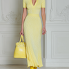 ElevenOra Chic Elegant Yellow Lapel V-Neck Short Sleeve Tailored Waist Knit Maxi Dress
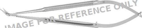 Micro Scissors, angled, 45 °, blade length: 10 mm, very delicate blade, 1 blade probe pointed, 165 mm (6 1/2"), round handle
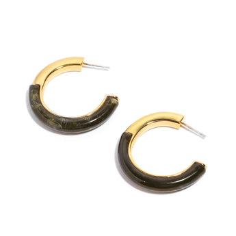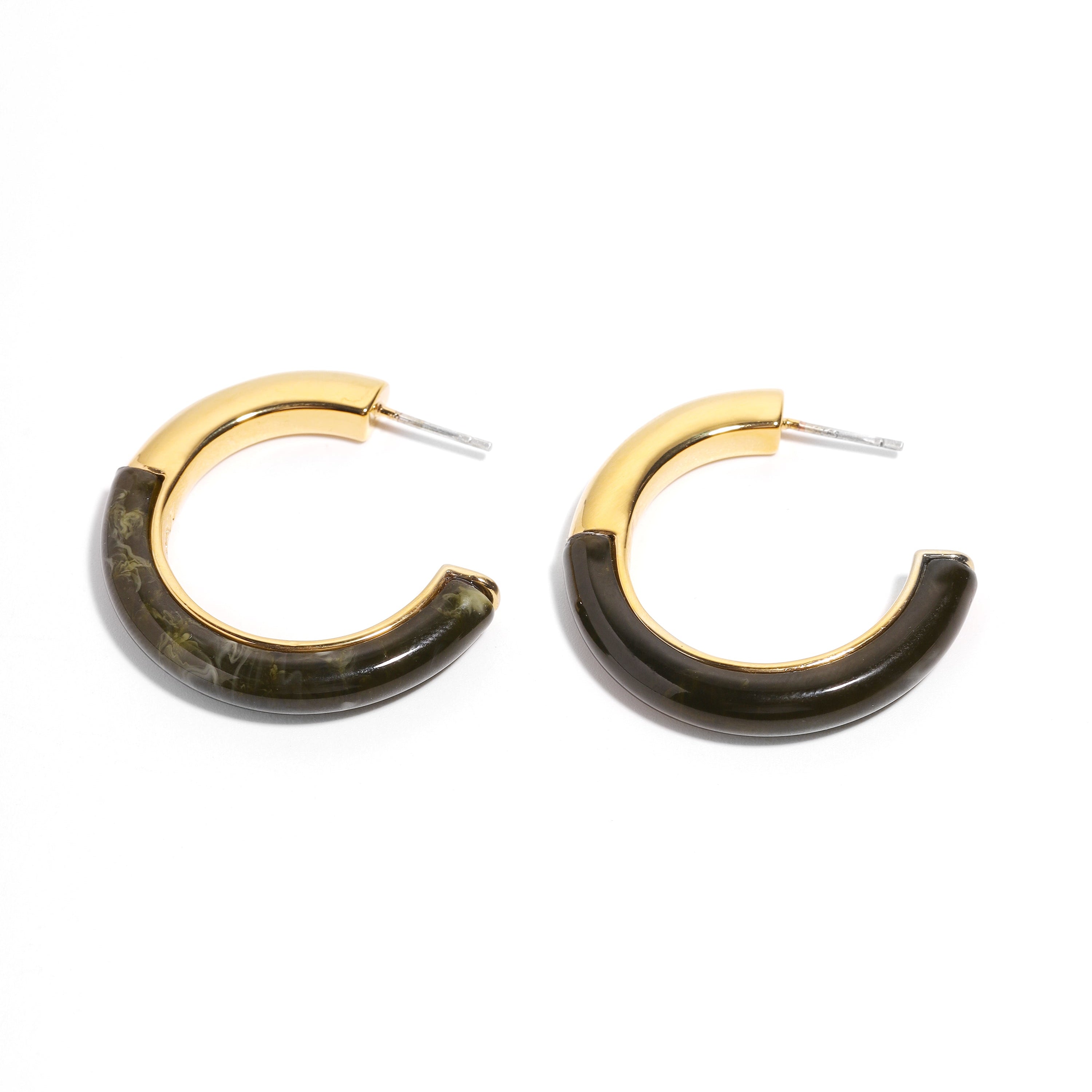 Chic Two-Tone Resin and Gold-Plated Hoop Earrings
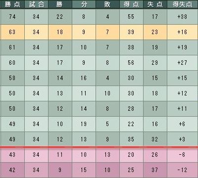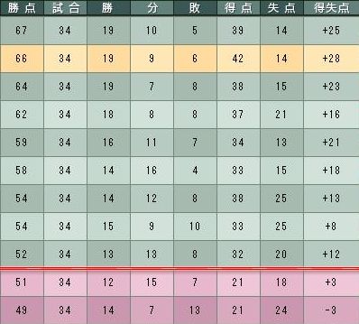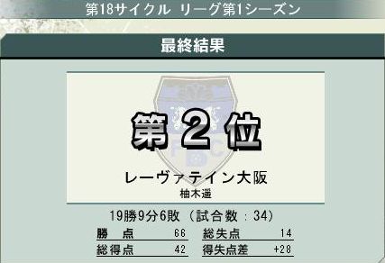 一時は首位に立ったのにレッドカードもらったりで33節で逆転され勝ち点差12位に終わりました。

==

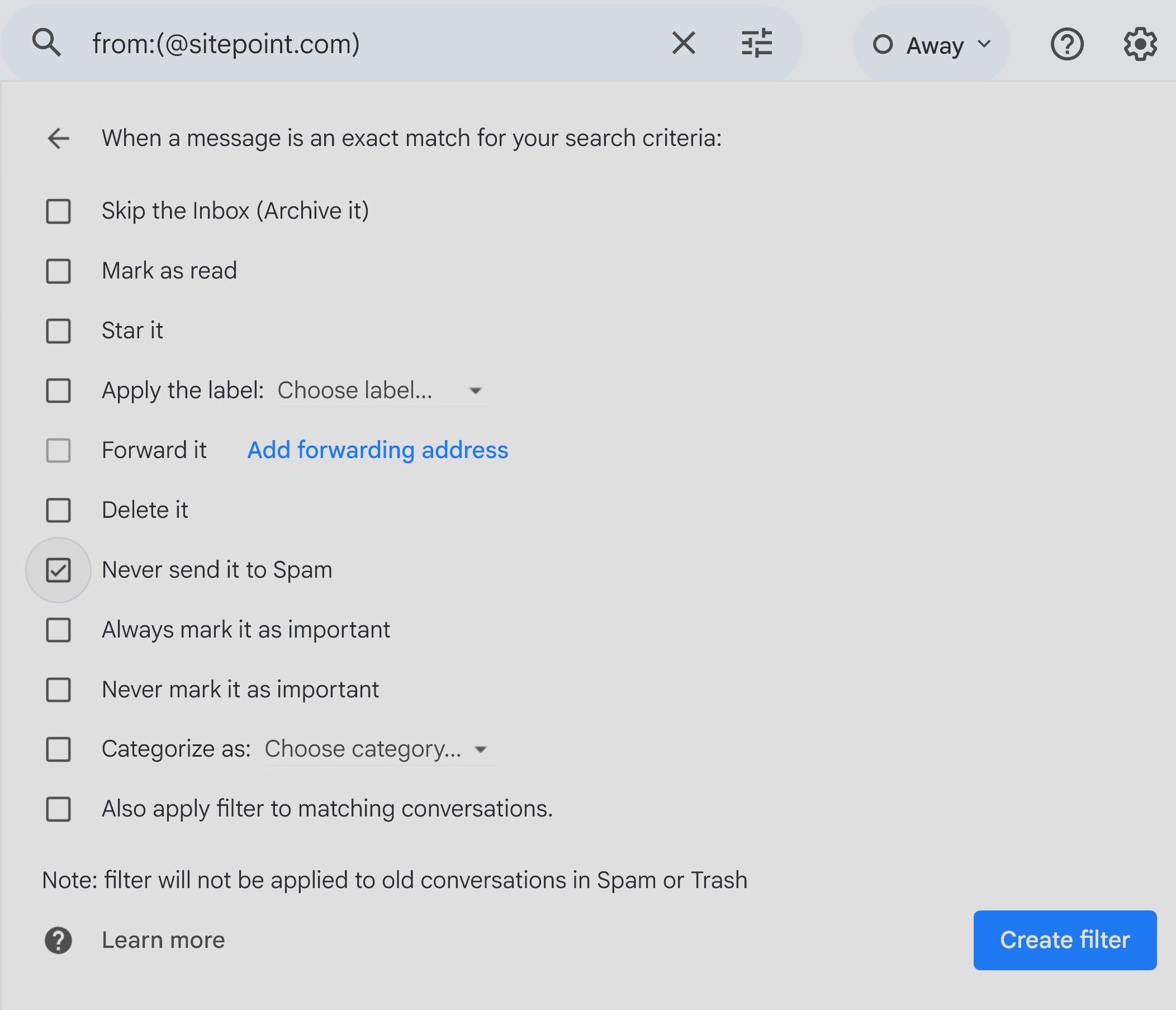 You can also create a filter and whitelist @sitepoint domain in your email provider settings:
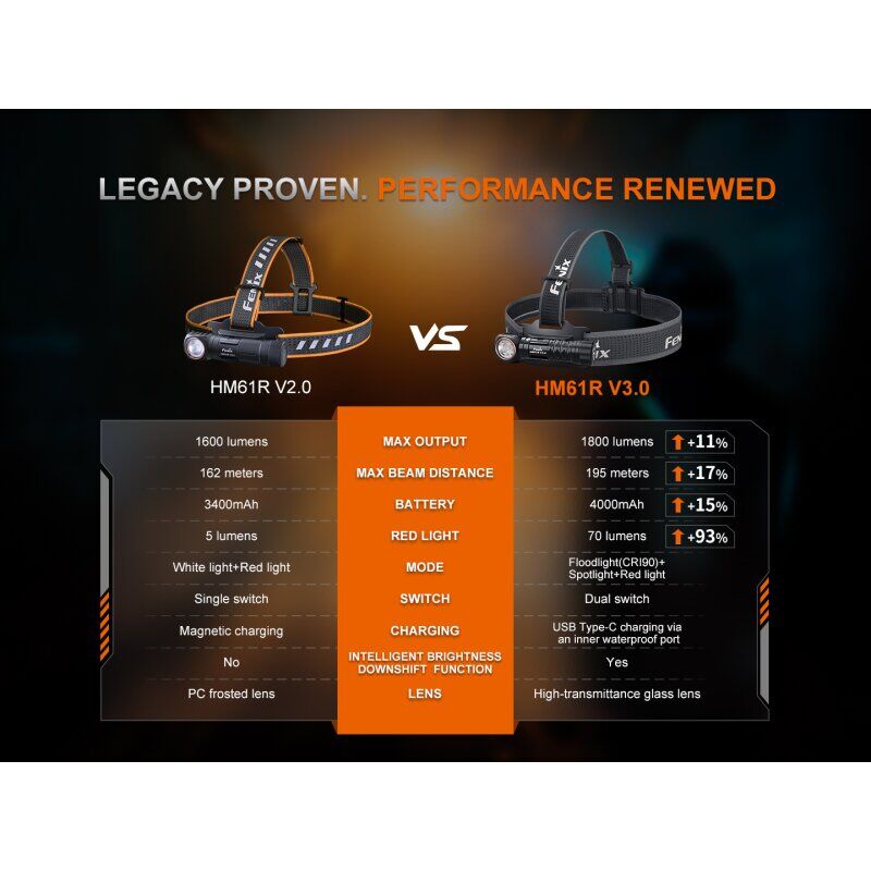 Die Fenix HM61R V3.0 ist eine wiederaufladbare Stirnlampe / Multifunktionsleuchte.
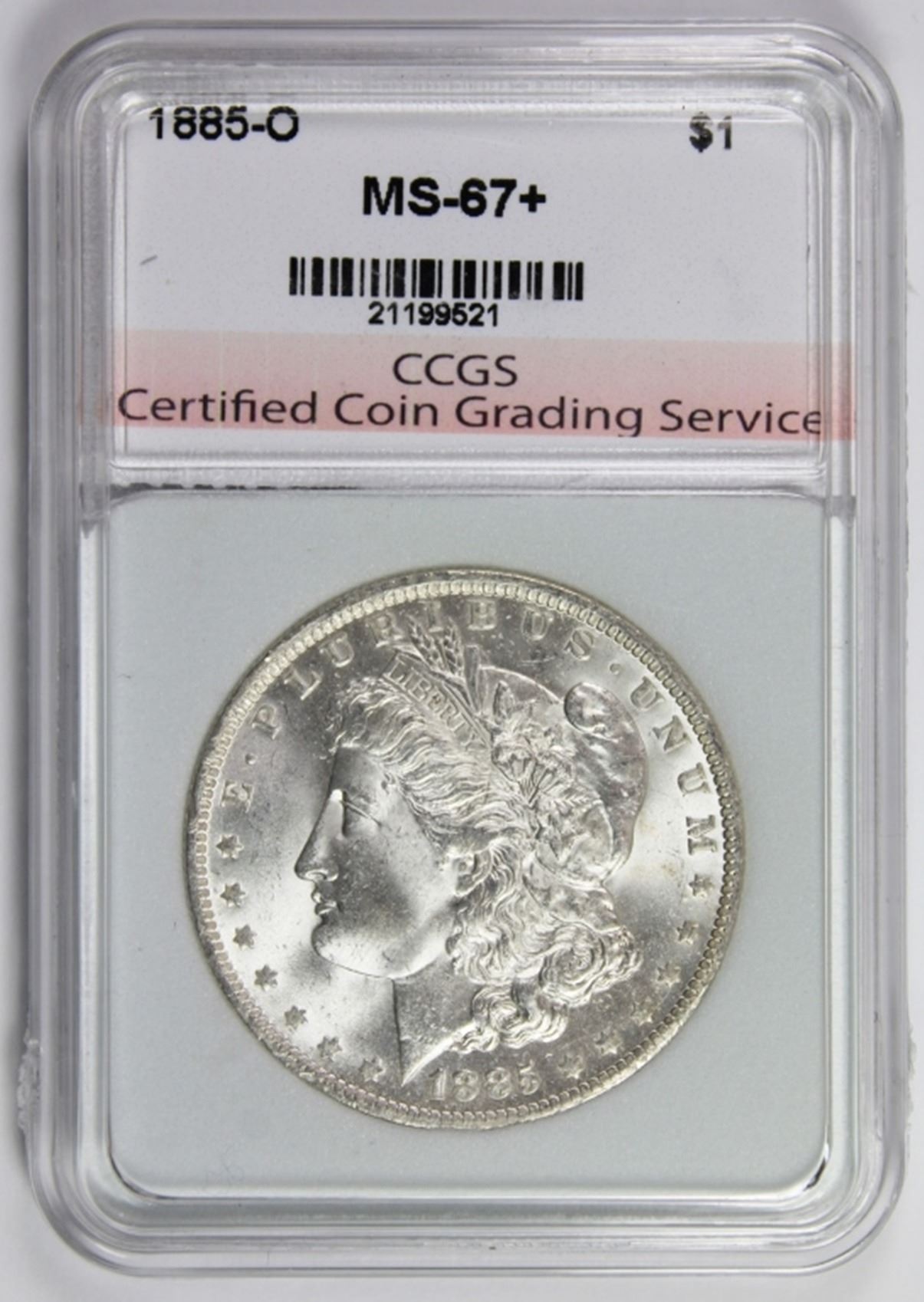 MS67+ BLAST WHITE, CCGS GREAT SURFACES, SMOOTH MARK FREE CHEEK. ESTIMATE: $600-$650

▶ [Work request]
In the material above, one part opens with the line containing "ElevenOra Chic Elegant" and closes with the line containing "一時は首位に立ったのにレッド". Write out that part exactly and skip its pictures.

▶ [Your response]
 ElevenOra Chic Elegant Yellow Lapel V-Neck Short Sleeve Tailored Waist Knit Maxi Dress
 Micro Scissors, angled, 45 °, blade length: 10 mm, very delicate blade, 1 blade probe pointed, 165 mm (6 1/2"), round handle
 Chic Two-Tone Resin and Gold-Plated Hoop Earrings
 一時は首位に立ったのにレッドカードもらったりで33節で逆転され勝ち点差12位に終わりました。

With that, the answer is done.